Wet financieel statuut van het Koninklijk Huis
Artikel 4
Geldend
Geldend vanaf 01-01-2009
- Bronpublicatie:
20-11-2008, Stb. 2008, 535 (uitgifte: 01-01-2008, kamerstukken: 31505)
- Inwerkingtreding
01-01-2009
- Bronpublicatie inwerkingtreding:
20-11-2008, Stb. 2008, 535 (uitgifte: 01-01-2008, kamerstukken: 31505)

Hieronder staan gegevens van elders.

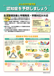 - 認知症予防のために、必要な情報をパネルにまとめました。認知症とはどのような病気かの説明と、認知症のサインを提示し、認知症の早期発見・早期対応につながるようにしています。また「認知症を予防する生活習慣」として現在エビデンスのある有酸素運動と食生活改善、脳の活性化の方法などをイラストとともに紹介しています。
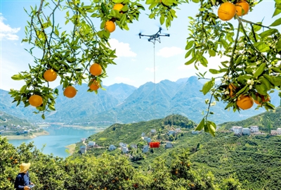 4月8日,湖北省宜昌市秭归县郭家坝镇邓家坡村技术人员在田间用无人机转运红肉脐橙。

- Overige regelgevende instantie(s)
Ministerie van Binnenlandse Zaken en Koninkrijksrelaties
Ministerie van Financiën
- Vakgebied(en)
Overheidsfinanciën / Bijzondere onderwerpen
Staatsrecht / Staatsinrichting
1.
Aan de Koning worden ten laste van het Rijk het paleis Noordeinde te 's-Gravenhage, het paleis Huis ten Bosch te 's-Gravenhage en het paleis op de Dam te Amsterdam tot gebruik ter beschikking gesteld.
2.
Bij koninklijk besluit kunnen aan de Koning ten laste van het Rijk daarnaast tijdelijk andere woon- en werkverblijven tot gebruik ter beschikking worden gesteld.
3.
Indien de Koning overlijdt, kan bij koninklijk besluit aan de overlevende echtgenoot of echtgenote, zolang deze lid is van het koninklijk huis, ten laste van het Rijk een woonverblijf tot gebruik ter beschikking worden gesteld.
4.
Bij koninklijk besluit kan aan de vermoedelijke opvolger van de Koning onderscheidenlijk aan de Koning die afstand van het koningschap heeft gedaan ten laste van het Rijk een woonverblijf tot gebruik ter beschikking worden gesteld. In dit besluit kan worden bepaald dat indien de vermoedelijke opvolger van de Koning onderscheidenlijk de Koning die afstand van het koningschap heeft gedaan overlijdt, het woonverblijf aan de overlevende echtgenoot of echtgenote, zolang deze lid is van het koninklijk huis, tot gebruik ter beschikking wordt gesteld.
5.
Ons besluit, strekkende tot de uitvoering van het in het vorige lid bepaalde, wordt in het Staatsblad geplaatst.